The following are the listed buildings in Buan. The listings are graded:

- AA Telephone Box (II)
- Bryniau (II)
- Bryntirion (II)
- Capel Rhydyclafdy (II)
- Cefniwrch (II)
- Church of St Buan (II)
- Church of St Ceidio (II)
- Church of St Michael (II)
- Church of St Tudwen (II*)
- Direction Sign at Inkerman Bridge (II) - Delisted in October 2022
- E Farmyard Range including water-wheel at Nant Farm (II)
- Efail Gledrydd (II)
- Efail Gledrydd Forge (II)
- Gallt-y-beren (II)
- Glanrafon (II)
- Gwnhinger (II)
- Lodge to N of Plas Boduan (II)
- Lychgate and churchyard wall to Church of St Tudwen (II)

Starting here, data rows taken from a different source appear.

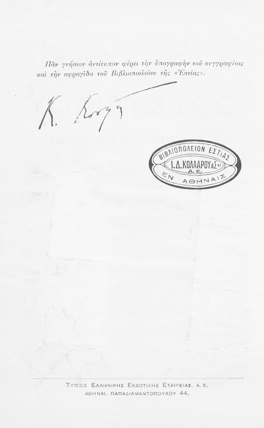 Εντοπισμός πρωτοτύπου: Ελληνικό Λογοτεχνικό και Ιστορικό Αρχείο Κωδικός βιβλιοθήκης: 1939 ΘΟΥ |
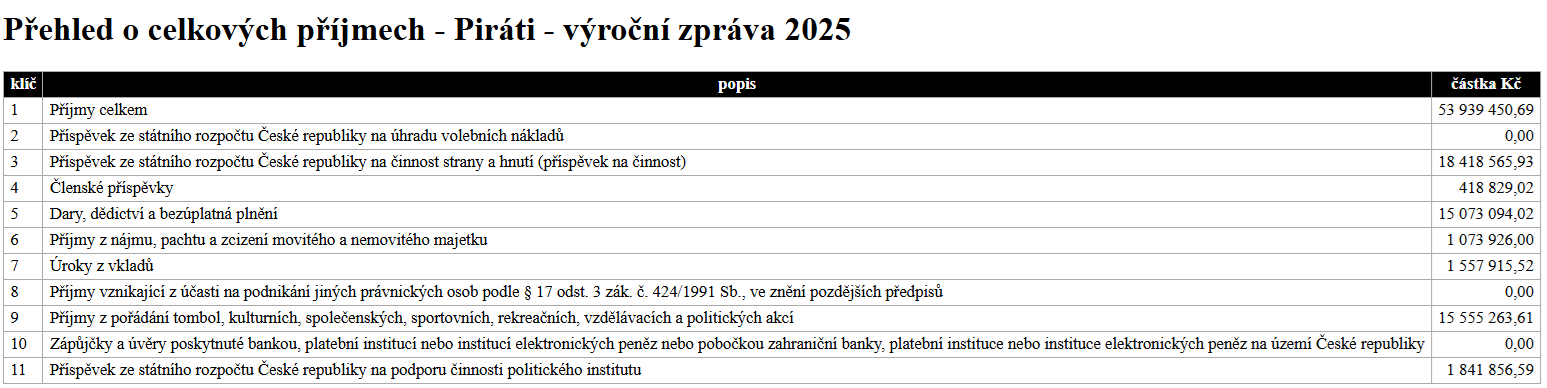 Piráti jsou s 15,6 milionu jedničkou v položce „příjmy z pořádání tombol, kulturních, společenských, sportovních, rekreačních, vzdělávacích a politických akcí“.
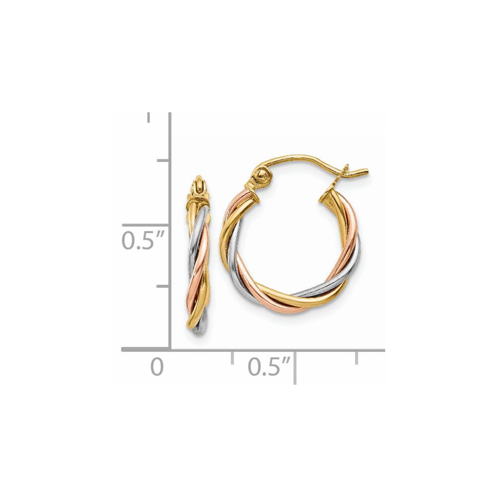 2.5mm Gold Tri-color Twisted Tube Hoop Earrings
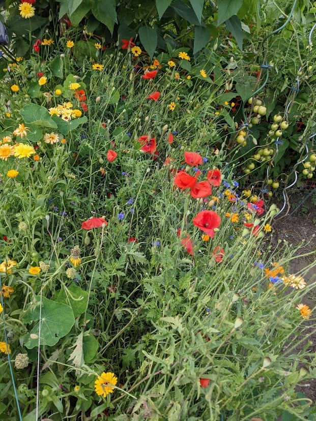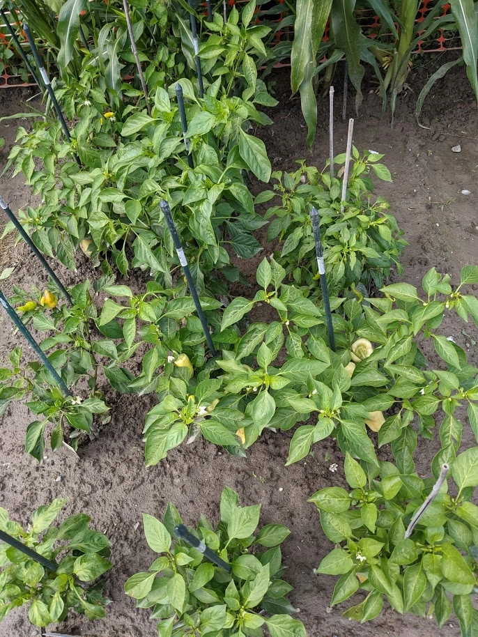 Da wieder Ordnung rein bringen wird wohl ein ziemlich umfangreiches Unterfangen - heute habe ich mal auf einer Hälfte den Boden gelockert + Unkraut gejätet, alle umgefallenen Pflanzen entfernt, die abgefaulte Zucchini entfernt, Erbsen entfernt und das Gerüst abgebaut, die frei werdenden Stäbe + Schnüre mal rund um den Mais/Sonnenblumen aufgebaut und diese etwas festgezurrt und dann noch die schadhaften Blätter/Früchte bei den Tomaten abgemacht. Mittlerweile fürchte ich, dass es auch keine so gute Idee war, die Tomaten mit Rasenschnitt zu mulchen - der ist nämlich auch komplett verfault.
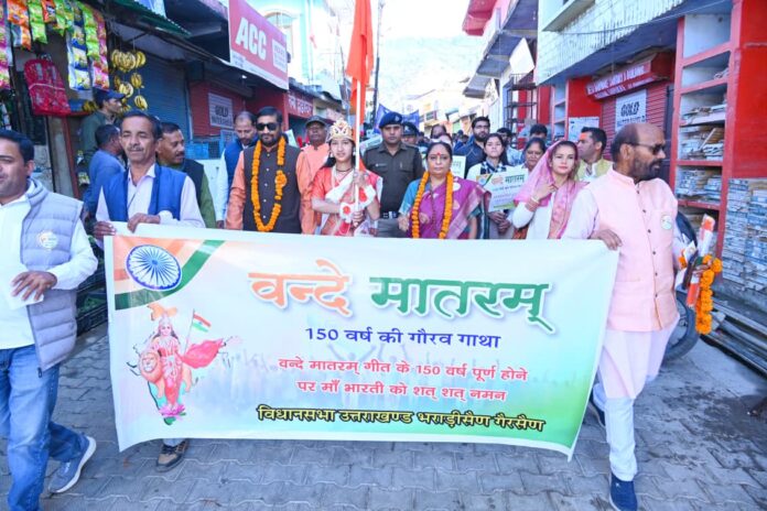 वंदेमातरम की रचना 1875 में महान साहित्यकार बंकिमचंद्र चट्टोपाध्याय ने की थी। यह गीत उनकी श्रेष्ठ कृति ‘आनंदमठ’ में शामिल है। वंदेमातरम ने स्वतंत्रता संग्राम के दौरान राष्ट्रभक्ति की ज्योति प्रज्वलित की और अंग्रेजों के विरुद्ध लड़ाई में यह गीत क्रांतिकारियों और जनता का सर्वोच्च प्रेरणा-स्रोत बना। 1937 में इसे कांग्रेस कार्यसमिति ने राष्ट्रीय गीत का दर्जा दिया और 1950 में भारतीय संविधान सभा ने इसे आधिकारिक राष्ट्रीय गीत के रूप में स्वीकार किया। आज गैरसैंण में आयोजित इस प्रभात फेरी के माध्यम से वंदेमातरम के 150 वर्षों की इस अमर गाथा को पुनः स्मरण कर जनमानस में राष्ट्रीय गर्व और एकता का संदेश दिया गया। इस अवसर पर स्थानीय विधायक अनिल नौटियाल, राज्य मंत्री रामचंद्र गौड़, चमोली जिला अध्यक्ष गजपाल बर्थवाल, ब्लॉक प्रमुख दुर्गा देवी, जिला महामंत्री अरुण मैठानी तथा विक्रम बर्थवाल सहित अनेक जनप्रतिनिधि एवं गणमान्य लोग उपस्थित रहे।
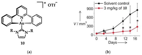 Che et al. synthesized another series of Au(III) complexes with pincer ligands displaying strong and selective in vitro cytotoxicity and anticancer in vivo activity against mice carrying xenografts of human cervical and lung cancer. The mode of action of the Au(III)-NHC compound was verified using clickable photoaffinity probes that helped to identify the complexes’ interaction with intramolecular protein target molecules. One of the main targets, nucleophosmin, is an upregulating protein in cancer cells interacting with a positive regulator of tumor suppressor p53; this protein is involved in DNA replication and ribosome biogenesis. The micro dosing treatment of compound 10 (Figure 17a) in HeLa cells demonstrated a progressive formation of nucleophosmin monomers, increasing the expression of p53 protein levels. Che and coworkers observed that in vitro cytotoxicity against cervical (HeLa), colon (HCT116), and lung (NCI-H460) cancer cells enhanced with the increasing length of alkyl chain on NHC ligands. Antagonistic studies on HeLa cells with cisplatin and 10 indicated a greater reduction of spheroid growth by 10 (10: 70%, cisplatin: 30%). The same compound in in vivo studies using HeLa cells (Figure 17b) with 3 mg·kg−1 dosing showed an inhibition of growth at 71%, while NCI-H460 cells with the same dosage showed a 53% growth inhibition, without any adverse effects on body weight. Based on a series of compounds using 10 as a scaffold, an increased cytotoxicity against all the aforementioned cancer lines was observed with increasing alkyl chain length of R [].

- Madryn Castle Gatehouse (II)
- Meillionen Farmhouse (II)
- Milestone by Tuhwnt i'r Gors (II)
- Nant Farm (II)
- Neuadd Bogdadle (II)
- No 1 Tan-y-fron (II)
- No 3 Tan-y-fron (II)
- Out-buildings at Home Farm, Plas Boduan (II)
- Penhyddgan (II*)
- Plas Boduan (II)
- Pont Rhydyclafdy (II)
- Roadsign SE of Bogdadle (II)
- S Farmyard Range at Nant Farm (II)
- The Cock-loft (II)
- Ty Capel Rhydyclafdy (II)
- Ty Isaf (NW Cottage) (II)
- Ty Isaf (SE Cottage) (II)
- Tyn-y-coed Isaf (II)

Buan contains 34 Grade II listed buildings, in addition to two Grade II* listed buildings. The former church of the same name, St Buan, was built in 1765, and is reminiscent of the Romanesque style in design. The church was later deconsecrated and sold in 2004.